Include rate limit information in your tool descriptions so the agent knows the constraints before hitting them. Return retry_after_seconds so the agent can back off intelligently. This is the same pattern you would use in any public API, and it matters even more here because agents lack the intuition to self-throttle.

Deployment: Transport and Architecture

For local development and single-user setups, stdio transport is the simplest option. The MCP client spawns your server as a subprocess. No networking, no auth complexity.

For production multi-user deployments, use Streamable HTTP. The older SSE transport was deprecated in the June 2025 specification in favor of Streamable HTTP, which supports bidirectional communication, horizontal scaling, and incremental results:

from mcp.server.fastmcp import FastMCP
 
mcp = FastMCP(
    "deploy-tools",
    host="0.0.0.0",
    port=8080,
)
 
# Register all your tools, resources, prompts...
 
if __name__ == "__main__":
    mcp.run(transport="streamable-http")

For production, put your MCP server behind a reverse proxy (nginx, Caddy) that handles TLS termination and certificate management. The server itself runs plain HTTP internally; the proxy adds the encryption layer. This is the same pattern you use for any backend service.

If you are running multiple MCP servers, consider an MCP gateway that handles routing, auth, and observability centrally. WorkOS and several open-source projects are building gateway layers for exactly this pattern. It mirrors the API gateway pattern from microservices -- centralized cross-cutting concerns with decentralized business logic.

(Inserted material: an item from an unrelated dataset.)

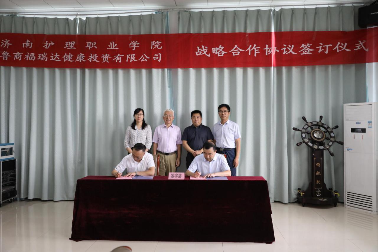 7月28日,濟南護理職業學院與魯商福瑞達健康投資有限公司簽署戰略合作協議。濟南護理職業學院黨委書記張振民,黨委副書記、院長宋林杰,魯商福瑞達健康投資有限公司總經理張恩軍,常務副總經理張建軍、副總經理朱巧玲出席簽約儀式。儀式由濟南護理職業學院教務處處長高強主持。

What I Have Learned So Far

Building MCP servers for production has reinforced patterns I already knew from backend engineering, with a few MCP-specific additions:

Treat MCP servers like microservices. They need the same auth, validation, error handling, logging, and testing discipline as any service in your architecture. The fact that the caller is an AI agent does not reduce these requirements -- it increases them.
Tool descriptions are your API documentation. Agents decide whether and how to call your tools based on the descriptions you write. Vague descriptions lead to misuse. Include parameter constraints, return value formats, and error conditions directly in the docstring.
Validate aggressively. The OWASP MCP Top 10 exists for a reason. Agent inputs come from users, and users can be adversarial. Pydantic models, enum constraints, and regex patterns are your first line of defense.
Return structured errors. An error dict with error, retryable, and hint fields gives agents the information they need to recover or fail gracefully. A Python traceback gives them nothing useful.
Invest in observability early. When an agent misbehaves, you need to see exactly what it sent and what your server returned. Structured logging with request IDs and timing is the minimum. OpenTelemetry tracing is the goal.
Start with stdio, deploy with Streamable HTTP. Develop and test locally with stdio transport. When you need remote access, multi-user support, or horizontal scaling, switch to Streamable HTTP behind a reverse proxy with TLS.

The 2026 MCP roadmap prioritizes exactly the enterprise concerns I have described here: audit trails, SSO-integrated auth, gateway behavior, and configuration portability. The protocol is maturing fast. The servers built on top of it need to mature at the same pace.

MCP is not complicated technology. It is a standardized way to expose your existing infrastructure to AI agents. The production challenges are the same ones backend engineers have been solving for decades. Apply what you already know.